Sembra facile, ma lo è davvero!
Comunque, esistono ottime maniere per sviluppare le idee; innanzitutto, quando vengono bisogna riconoscerle e lavorarci su.
E se non vengono?
Ma sì che vengono.
Allora, ecco qualche suggerimento, se davvero non mi credi.

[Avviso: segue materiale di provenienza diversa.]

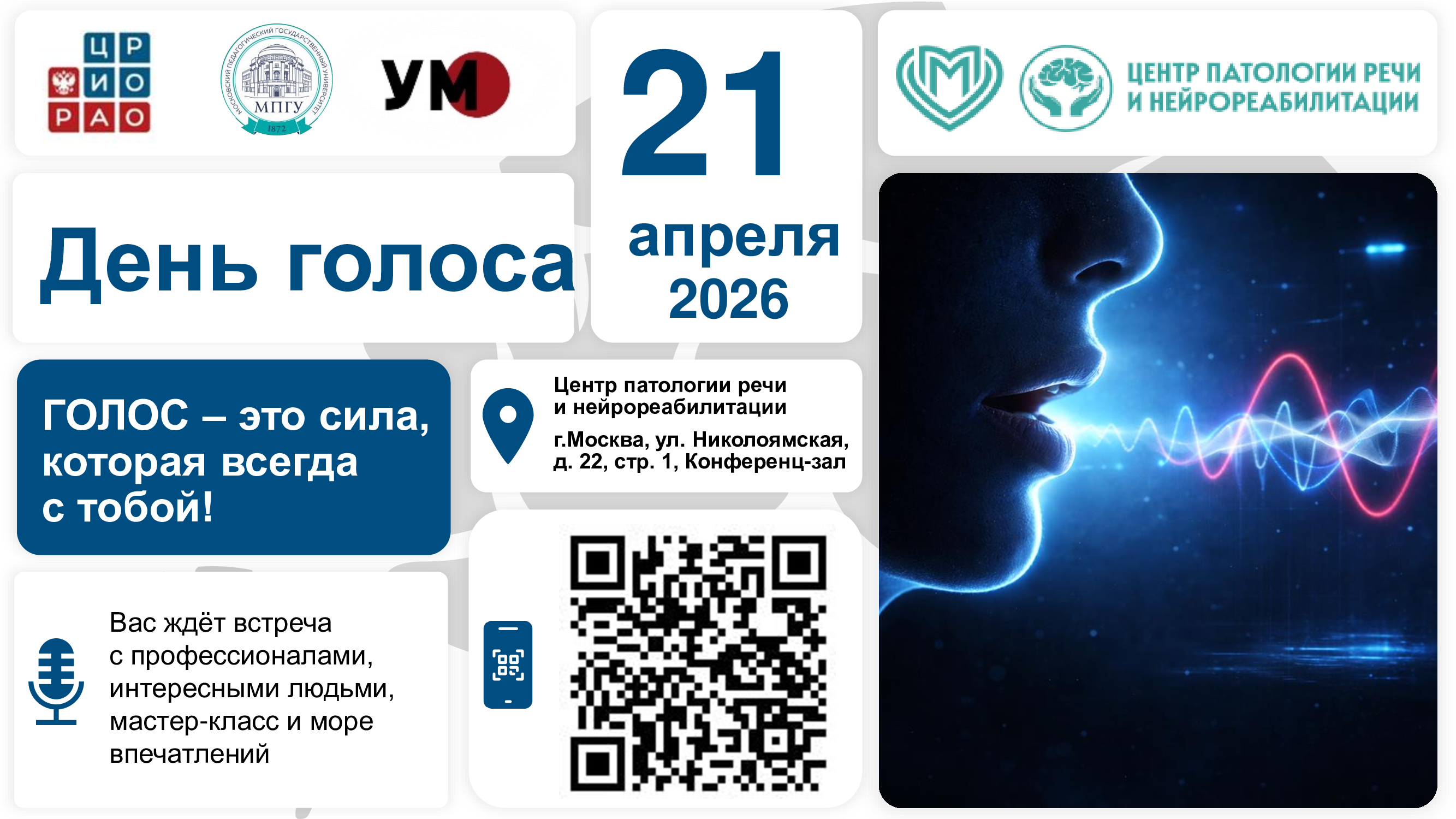 21 апреля в Центре патологии речи и нейрореабилитации Департамента здравоохранения города Москвы состоится просветительское мероприятие «Голос – это сила, которая всегда с тобой!», посвященное Всемирному дню голоса.

SUGGERIMENTI A LUNGO TERMINE: leggere, leggere, leggere.
Mi dispiace, ma ti tocca: puoi avere un gran cervello, un enorme cuore, tanta intuizione, ma se vivi fuori dal mondo, in un universo parallelo ed estraneo agli altri, è difficile avere molte idee.
Quindi, leggi, leggi, leggi…. Di tutto, più o meno va bene tutto.
Se poi leggi i libri che ti consiglio è ancor meglio

SUGGERIMENTI A BREVE TERMINE
( e qui ora chiedo scusa ai puristi e ai professori veri): guardati almeno un telegiornale al giorno, con un blocco per appunti in una mano e la penna nell’altra.
Ascolta con attenzione le notizie e, man mano, scrivi qualcosa su quelle che ti colpiscono maggiormente. Basta una parola o poco più.
Poi, vai ad approfondire, cercando sulla rete altre informazioni; attento: non tutti i siti sono ugualmente attendibili e documentati.
Quando hai capito bene di che si tratta, fermati un attimo a pensarci su, fatti un’idea, cerca di avere un’opinione sull’argomento.
Se puoi, parlane con qualcuno: lo scambio di idee è essenziale, per avere più idee. Sforzati di essere CURIOSO, di chiederti sempre PERCHE’.
Se ti va, cerca un bel quaderno, con una bella copertina, e scrivi lì tutto quello che ti colpisce…
Una Moleskine, ad esempio (a proposito, sai cos’è? … ecco una prima curiosità….)
Alla fine di una sola settimana di questo lavoro avrai già tantissimi spunti di riflessione e un sacco di idee nuove perché avrai ampliato le tue conoscenze.
Secondo suggerimento, legato al primo, però: metti mi piace a tutti i giornali e notiziari on line: ormai non esiste quotidiano, settimanale o mensile che non abbia una versione digitale. Ti arriveranno sul cellulare, magari attraverso facebook, le notifiche in tempo reale di quel che accade nel mondo, e sarai sempre informatissimo!
Anche in questo caso, APPROFONDISCI: la curiosità è alla base della conoscenza, e le idee sono come le ciliegie (o i baci): uno tira l’altro.

ESEMPIO PRATICO:
L’attentato in Francia: dove? Quando? Cosa è avvenuto? Isis? E che cos’è? Charlie Hebdo? Cos’è?
TUTTO QUEL CHE AVVIENE INTORNO A TE E’ INTERESSANTE… E QUANDO TI SARAI INFORMATO, PENSA … RIFLETTI
Intanto, leggi, leggi, leggi….

PER CHI INVECE…
Hai ottime idee ma hai paura di andare fuori tema?
Ogni volta che prendi una penna in mano ti viene il tanto famoso blocco dello scrittore?
Come prima cosa bisogna ORGANIZZARE IL TEMPO e gestirlo in modo intelligente.
Come?

Se hai a disposizione tre ore puoi:
• usare 10 minuti per comprendere la traccia
• 20 minuti per fare la scaletta e per trovare idee
• 1 ora e 30 per scrivere il tema
• 30 minuti per correggerlo
• 30 minuti per ricopiarlo in bella
Se le ore sono di più, raddoppia i 10 minuti per la comprensione…. Ecc. ecc.

LEGGERE LA TRACCIA
Così come avviene durante un’interrogazione, leggere e capire la traccia di un tema è fondamentale. Concediti il giusto tempo e cerca di cogliere il numero maggiore di dettagli. Saranno la tua bussola e la tua strada per comporre una scaletta perfetta!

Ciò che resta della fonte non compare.